Each somatic variant is then translated into a peptide containing the mutated amino acid in order to predict binding of the putative neoantigen to the patient’s MHC class-I alleles. For missense SNVs, the neoantigen peptides are generated as 25 mer peptides with the mutated amino acid flanked upstream and downstream by 12 wild type (wt) amino acids. For indels generating frame shift, the FSP starts with the first mutated amino acid generated by the insertion/deletion and extends downstream up to the first encountered stop codon. All mutations generating a FSP of at least 1 aa in length are retained. A modified FSP is then generated by addition of 12 wild type amino acids upstream to the first new aa. Only modified FSPs that have a final length of at least nine amino acids are retained.

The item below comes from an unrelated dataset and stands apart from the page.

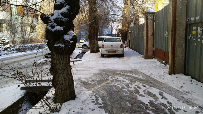 Житель дома № 116 по проспекту Достык 10 января пожаловался на водителя SsangYong. Автор видео заявляет, что автомашину постоянно оставляют у входа перед подъездом № 4.

To avoid the inclusion of FSP sequence stretches with a low probability of being presented by MHC Class-I, a “tailoring” procedure is then applied (Supplementary Figure S1) taking into account the MHC Class-I binding IC50 values for all possible 9-mer epitopes within the complete modified FSP. Each 9-mer epitope is then extended into a 25 mer by adding eight amino acids to both ends. All FSP-derived 25 mers are then added to the list of SNV-derived 25 mer and subjected to the ranking procedure.

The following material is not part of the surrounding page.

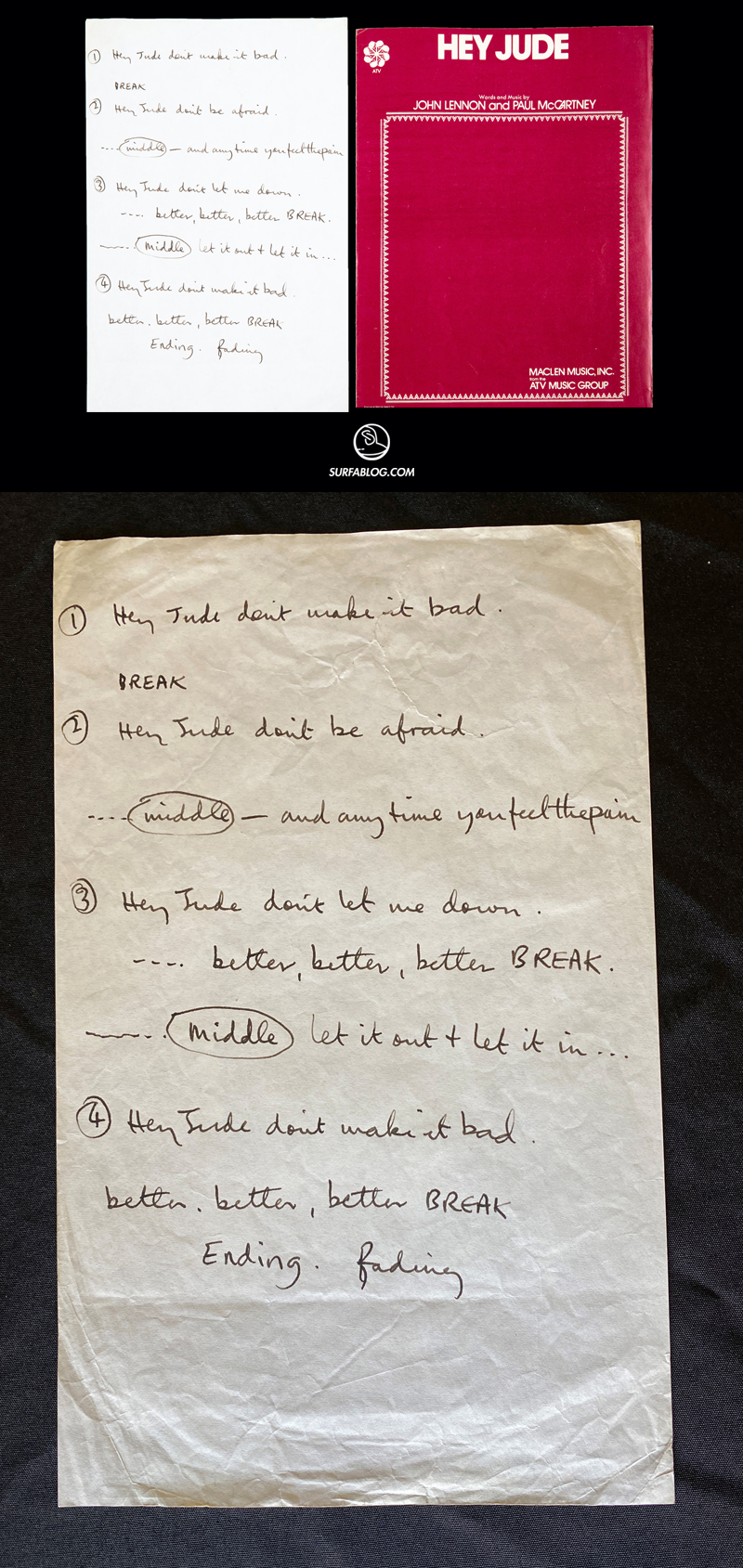 Il testo di “Hey Jude”, scritto a mano da Paul McCartney, è stato venduto all’asta per 910.000 $.

Gene expression estimates were performed using the Rsubsreads package [18] and converting the raw counts estimated on refseq annotated genes, in transcripts for million (TPM).

HLA class-I binding prediction is based on patient-specific HLA class-I type assessment performed by aligning the QC-filtered DNA reads from the healthy sample on the portion of hg38 genome that encodes the class-I human haplotypes with BWA-mem. Read pairs for which only one read is aligned and read pairs aligned to more than one locus with the same mapping score are filtered out using Samtools 1.4 [19]. Finally, determination of the patient’s most likely haplotypes is performed with Optitype [20]. MHC-I binding predictions for 25 mers are performed using the consensus method of the IEDB 2.17 software considering only predicted epitopes comprising a non-wt amino acid [21].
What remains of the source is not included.